#### PROVIDED DATA

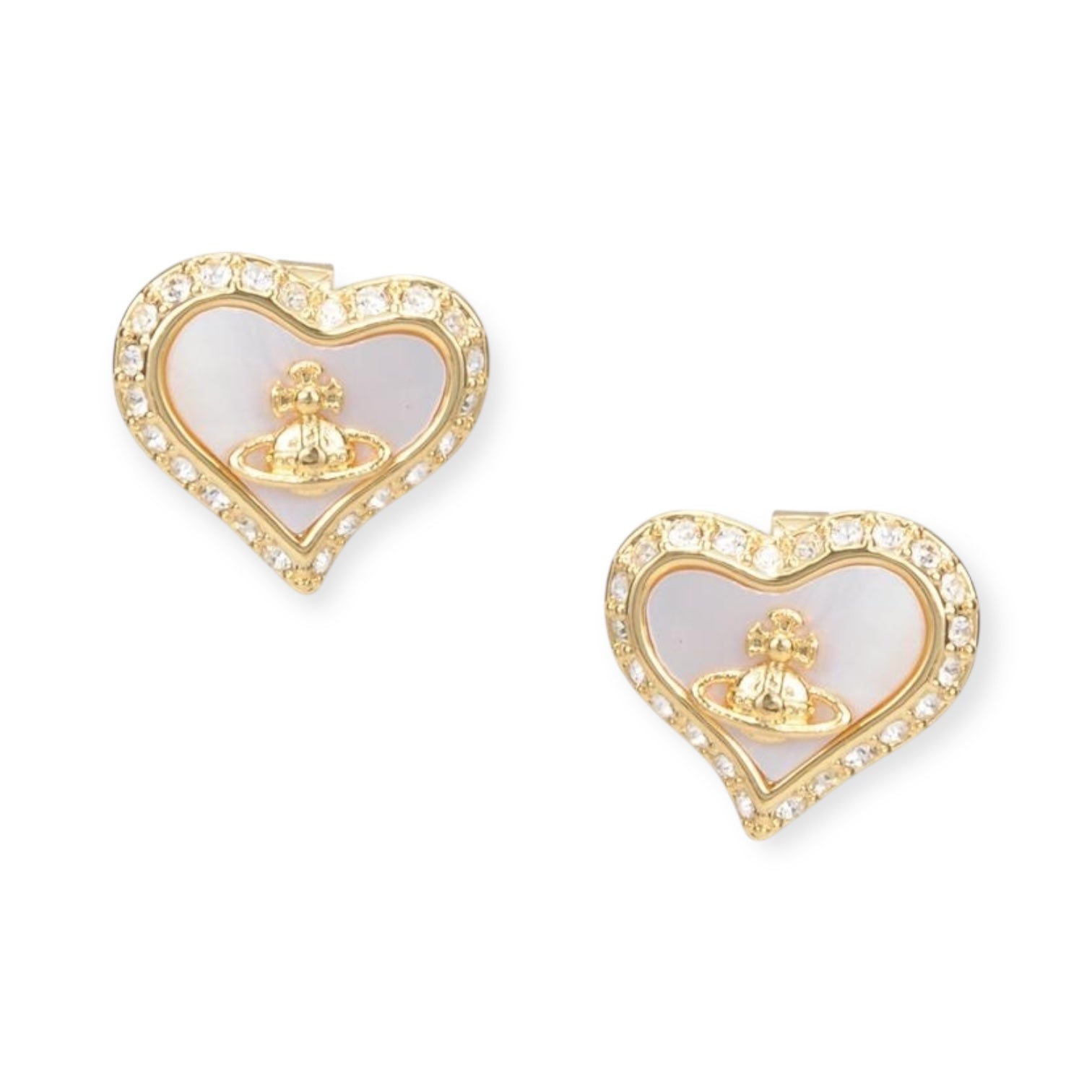 Heart Shaped Shape Plate Design Colorful Pendant Gem Studded Earrings (4 Colors)
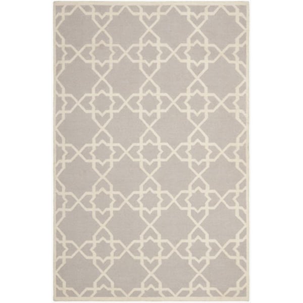 5 Ft. X 8 Ft. Medium Rectangle Contemporary Dhurries- Grey And Ivory- Flatweave Rug (Discontinued)
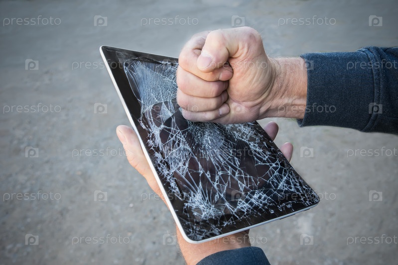Мужской кулак разбивает экран планшета
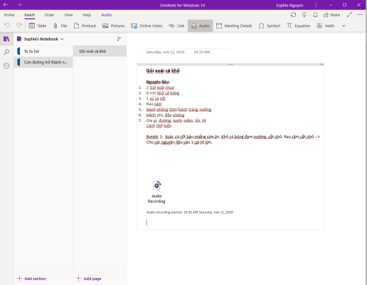 Nếu có niềm yêu thích với ẩm thực và nấu ăn, muốn lưu lại các bí quyết hay công thức, OneNote có thể giúp đỡ được bạn.
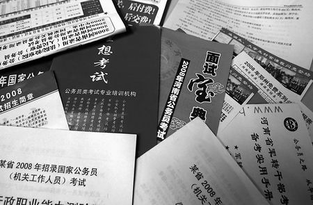 已經(jīng)在某企業(yè)單位工作一年的黃中(化名)則是考公務(wù)員大軍中的一員,他報考了今年河南省直機關(guān)公務(wù)員。為了“提高”自己,需要到社會上的培訓班“補補課”。他報了一個考前輔導班,花費了1100多元。據(jù)說,還有沖刺班、面試班、保過班等各種名目,如果再參加,還需要花費數(shù)千元。“參加這樣的考前輔導班是否有用?”面對記者的詢問,黃中一臉漠然,“錢是花了,但心里面沒有底。”
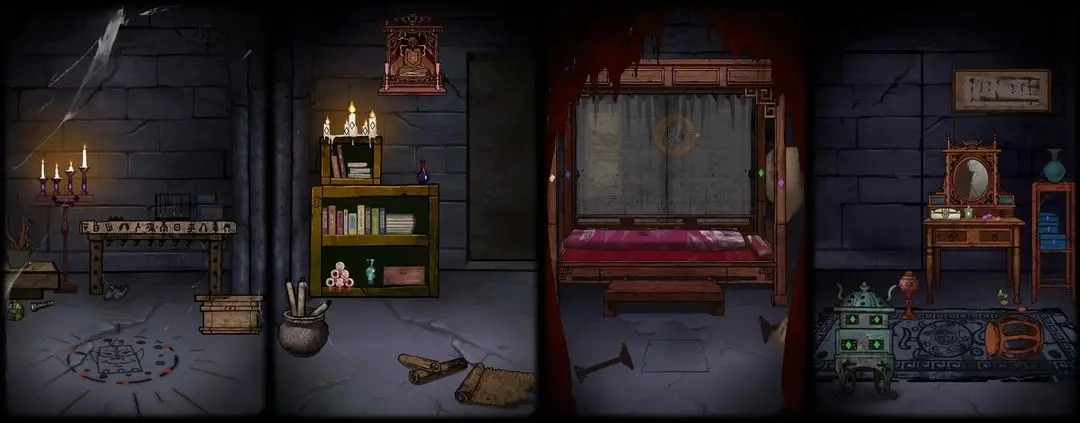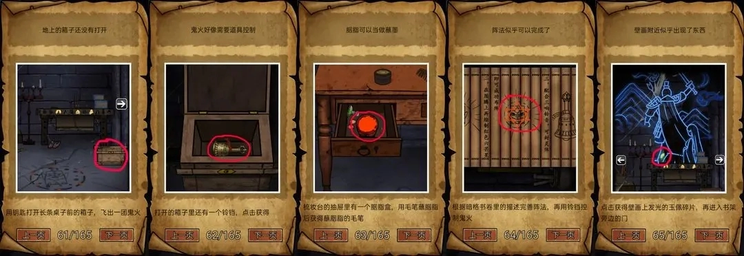 阵法场景中,先把蜡烛摆放妥当,用火柴点燃,接着将朱砂粉置于阵法内。13、灵堂场景下,点击左上角的蜘蛛网,进入一笔画游戏,即可获取蜘蛛。14、切换场景后,再次返回灵堂场景,点击左上角的蜘蛛网,就能得到苍蝇。15、点击地上的夹子,把苍蝇放入其中,切换场景,便能获得蟾蜍。
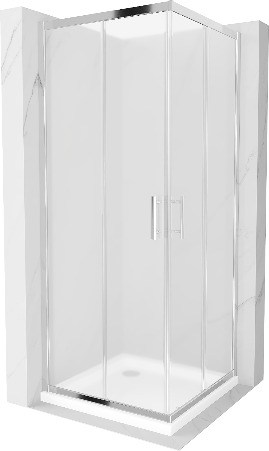 Mexen Rio quadratische Duschkabine 90 x 90 cm, matt, Chrom + Flat-Duschwanne, weiß - 860-090-090-01-30-4010
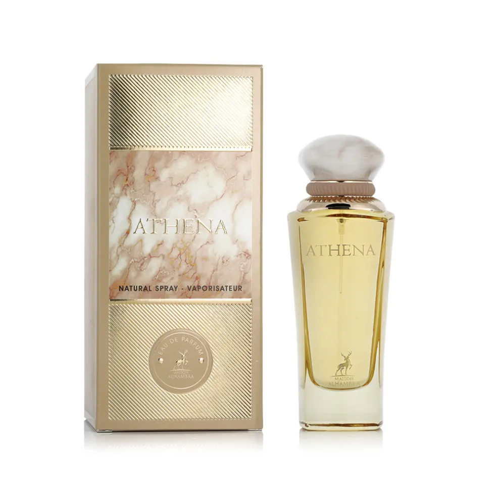 Athena von Maison Alhambra ist ein blumiges Damenparfüm, das 2025 lanciert wurde und von weiblicher Stärke, Eleganz und Sanftheit inspiriert ist. Benannt nach der antiken Göttin der Weisheit, ist der Duft ebenso facettenreich – er vereint Frische, Sinnlichkeit und Raffinesse. Er öffnet sich mit lebhaften Noten von Mandarine, die eine saftige Frische mit sich bringt, ergänzt durch einen subtil würzigen Hauch von rosa Pfeffer und spritziger Bergamotte. Dieser Auftakt ist voller Energie und femininer Vitalität.
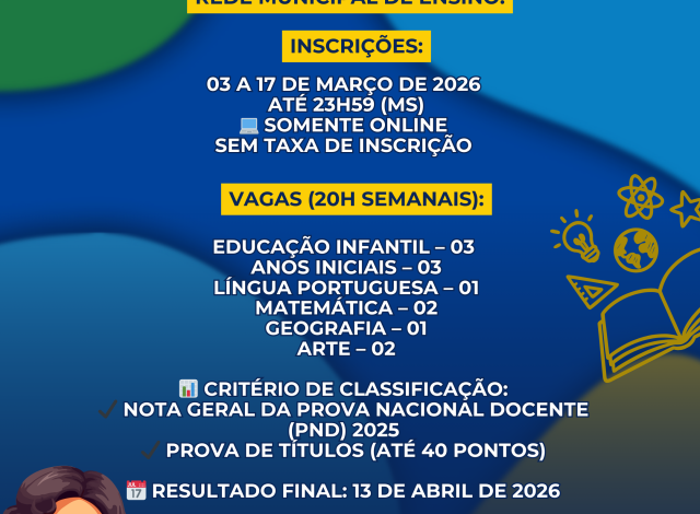 A Prefeitura de Costa Rica, por meio da Secretaria Municipal de Educação (SEMED), publicou edital de Concurso Público para provimento de cargos efetivos de professor da Rede Municipal de Ensino (REME). O certame é destinado ao preenchimento de 12 vagas no quadro permanente do magistério e terá como base a nota obtida na Prova Nacional Docente (PND) 2025. Inscrições exclusivamente pela internet, das 8h do dia 3 de março até às 23h59 do dia 17 de março de 2026.
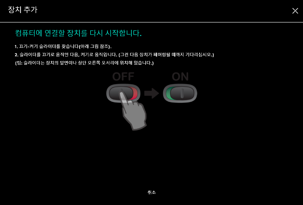 4. 아래 이미지의 설명대로 마우스의 전원을 껐다가 다시 켭니다.
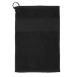 Toalla de golf con ojal metálico hecha de algodón de 400 gsm. Fabricada en algodón negro de alta absorción y suavidad, cuenta con un ojal con argolla metálica para colgar fácilmente en la bolsa de golf o cinturón. Es ideal para jugadores de golf que buscan mantener sus manos, palos o pelotas limpias y secas durante el juego.

########

• TRY IT:
Give again, word for word, each line from the one holding "Mexen Rio quadratische" through the end of the entries, and leave out any picture.

• WRITTEN ANSWER:
 Mexen Rio quadratische Duschkabine 90 x 90 cm, matt, Chrom + Flat-Duschwanne, weiß - 860-090-090-01-30-4010
 Athena von Maison Alhambra ist ein blumiges Damenparfüm, das 2025 lanciert wurde und von weiblicher Stärke, Eleganz und Sanftheit inspiriert ist. Benannt nach der antiken Göttin der Weisheit, ist der Duft ebenso facettenreich – er vereint Frische, Sinnlichkeit und Raffinesse. Er öffnet sich mit lebhaften Noten von Mandarine, die eine saftige Frische mit sich bringt, ergänzt durch einen subtil würzigen Hauch von rosa Pfeffer und spritziger Bergamotte. Dieser Auftakt ist voller Energie und femininer Vitalität.
 A Prefeitura de Costa Rica, por meio da Secretaria Municipal de Educação (SEMED), publicou edital de Concurso Público para provimento de cargos efetivos de professor da Rede Municipal de Ensino (REME). O certame é destinado ao preenchimento de 12 vagas no quadro permanente do magistério e terá como base a nota obtida na Prova Nacional Docente (PND) 2025. Inscrições exclusivamente pela internet, das 8h do dia 3 de março até às 23h59 do dia 17 de março de 2026.
 4. 아래 이미지의 설명대로 마우스의 전원을 껐다가 다시 켭니다.
 Toalla de golf con ojal metálico hecha de algodón de 400 gsm. Fabricada en algodón negro de alta absorción y suavidad, cuenta con un ojal con argolla metálica para colgar fácilmente en la bolsa de golf o cinturón. Es ideal para jugadores de golf que buscan mantener sus manos, palos o pelotas limpias y secas durante el juego.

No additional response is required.